All alone with the memory

Of my days in the sun

If you touch me

You’ll understand what happiness is 


A new day has begun.”

Had it ever.  If this was the start of 40, bring it on.

Leaving the theater we saw that the entire town had lost power, and the four of us walked hand in hand down the main street lit entirely by the glow of dazzling starlight. 

Do you have a favorite birthday memory?

The Game of What?

A Friday night dinner with dear friends.

We fed our kids and theirs early and sent them upstairs to play board games. An adult evening – Ah.  Lee put on music, I lit candles and our friends uncorked a bottle of wine.

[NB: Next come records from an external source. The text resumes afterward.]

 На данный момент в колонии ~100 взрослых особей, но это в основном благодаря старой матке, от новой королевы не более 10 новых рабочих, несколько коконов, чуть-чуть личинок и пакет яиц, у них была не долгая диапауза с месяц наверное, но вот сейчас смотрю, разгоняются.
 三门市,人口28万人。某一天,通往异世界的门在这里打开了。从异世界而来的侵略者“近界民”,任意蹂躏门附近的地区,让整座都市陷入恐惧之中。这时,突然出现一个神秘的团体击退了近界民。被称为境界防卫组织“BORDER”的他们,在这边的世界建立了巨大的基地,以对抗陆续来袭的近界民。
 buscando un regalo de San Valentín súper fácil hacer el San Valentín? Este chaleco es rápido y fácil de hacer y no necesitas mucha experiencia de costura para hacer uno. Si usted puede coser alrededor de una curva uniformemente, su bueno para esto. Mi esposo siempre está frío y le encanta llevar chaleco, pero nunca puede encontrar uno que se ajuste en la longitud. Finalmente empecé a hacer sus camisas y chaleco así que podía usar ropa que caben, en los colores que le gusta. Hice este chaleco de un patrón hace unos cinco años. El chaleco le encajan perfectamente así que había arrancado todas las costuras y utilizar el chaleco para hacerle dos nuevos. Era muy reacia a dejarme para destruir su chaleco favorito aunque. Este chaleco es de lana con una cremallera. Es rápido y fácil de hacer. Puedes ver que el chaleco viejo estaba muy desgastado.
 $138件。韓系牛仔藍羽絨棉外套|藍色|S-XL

The wine was passed and stories were shared. Candle wax dripped onto the table.  Nora Jones crooned and forks were set down between succulent bites.  Cabernet was flowing into my glass when the call came from upstairs.  “Mom!  We need help!”  I sipped my wine and chose not to answer.  Then the call came again. “What is it?”  I called back.

“We need help.  We don’t know how to play The Game of Life.  Will you teach us?”


Setting the bottle back on the table, I called back up the stairs,  “Choose another game.  The Game of Life is too confusing.”

I lifted my glass to my lips and started to sip when I noticed the silence.  Looking up, I found my husband and dinner guests staring back at me.  “What?” I asked.

“The Game of Life is too confusing?” my husband repeated.

Then I heard what I’d said.

And even though I believed what I’d said was true, I called back up the stairs, “Hang on, honey.  I’m coming. I’ll teach you how to play The Game of Life.”

I pushed my chair back from the table and thought, If only I knew how.